>>>

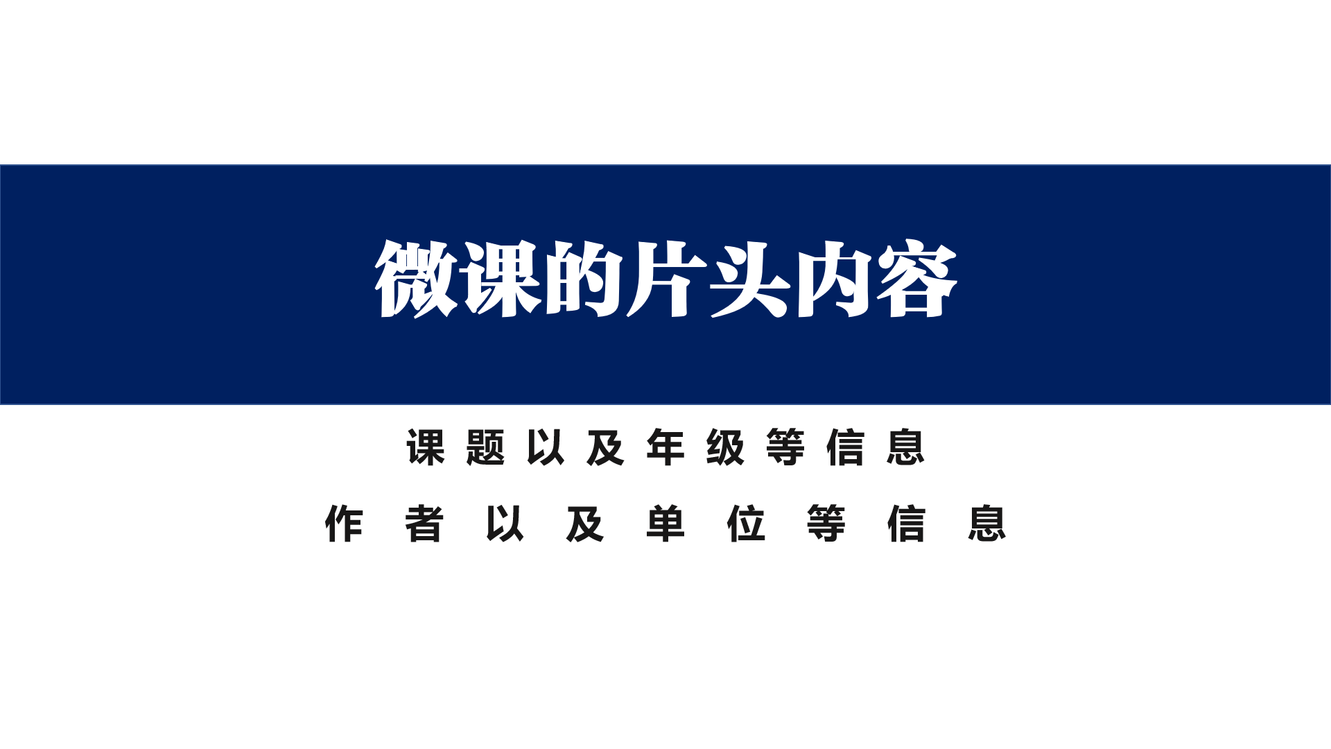 以上面的课件为例,选择了纯白色的背景,用了简单的色块来写微课 的片头内容;在白色背景上用深色字体输入其他信息。
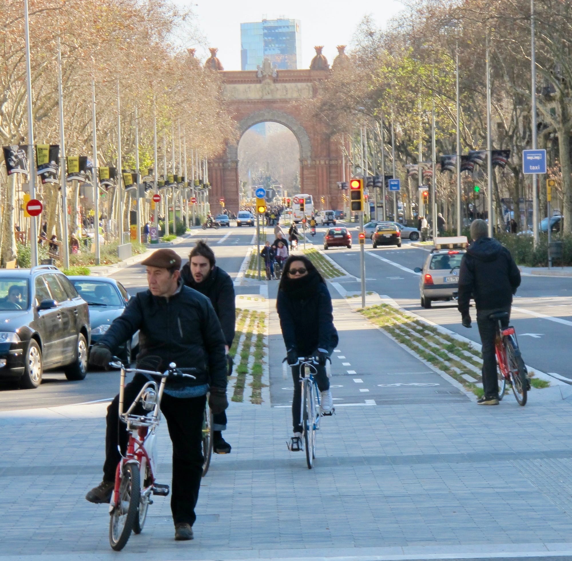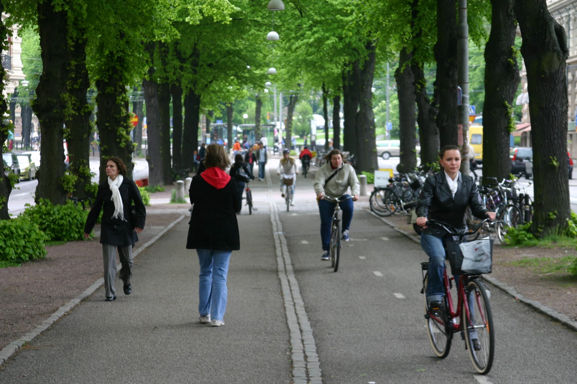In some cities, like Copenhagen, green cycle paths are created that cut right through the heart of the city so that people commuting by bike can have their own space to do so, separate from vehicles. This makes it easier, faster, and more comfortable to cross large distances by bike, whether to work or to go across town to see family, etc. It also makes the experience of cycling enjoyable as trees and gardens are used to fill the space that car traffic used to.
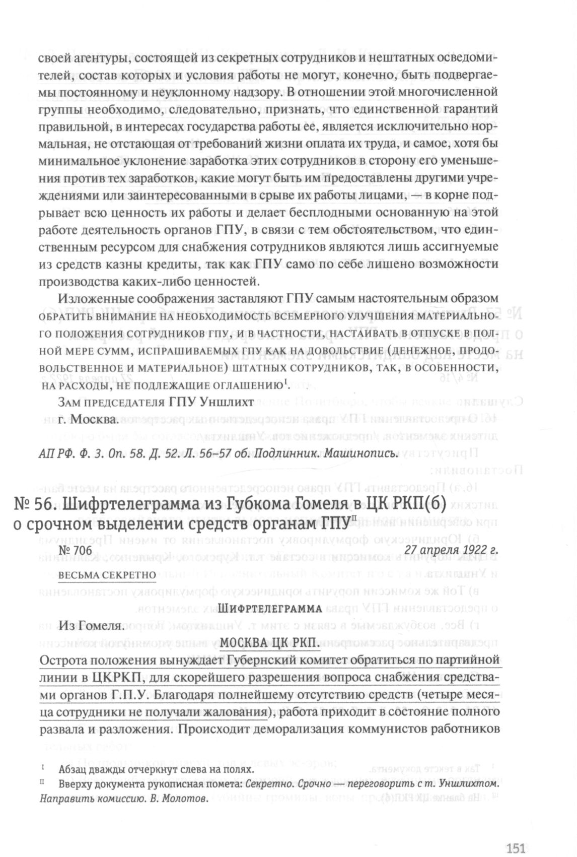 Шифртелеграмма из Губкома Гомеля в ЦК РКП(б) о срочном выделении средств органам ГПУ. 27 апреля 1922 г. // АП РФ. Ф. 3. Oп. 58. Д. 52. Л. 51. Копия. Машинопись.

<<<

Task statement:
After removing the pictures, transcribe the listing above exactly.

Expected output:
 以上面的课件为例,选择了纯白色的背景,用了简单的色块来写微课 的片头内容;在白色背景上用深色字体输入其他信息。
In some cities, like Copenhagen, green cycle paths are created that cut right through the heart of the city so that people commuting by bike can have their own space to do so, separate from vehicles. This makes it easier, faster, and more comfortable to cross large distances by bike, whether to work or to go across town to see family, etc. It also makes the experience of cycling enjoyable as trees and gardens are used to fill the space that car traffic used to.
 Шифртелеграмма из Губкома Гомеля в ЦК РКП(б) о срочном выделении средств органам ГПУ. 27 апреля 1922 г. // АП РФ. Ф. 3. Oп. 58. Д. 52. Л. 51. Копия. Машинопись.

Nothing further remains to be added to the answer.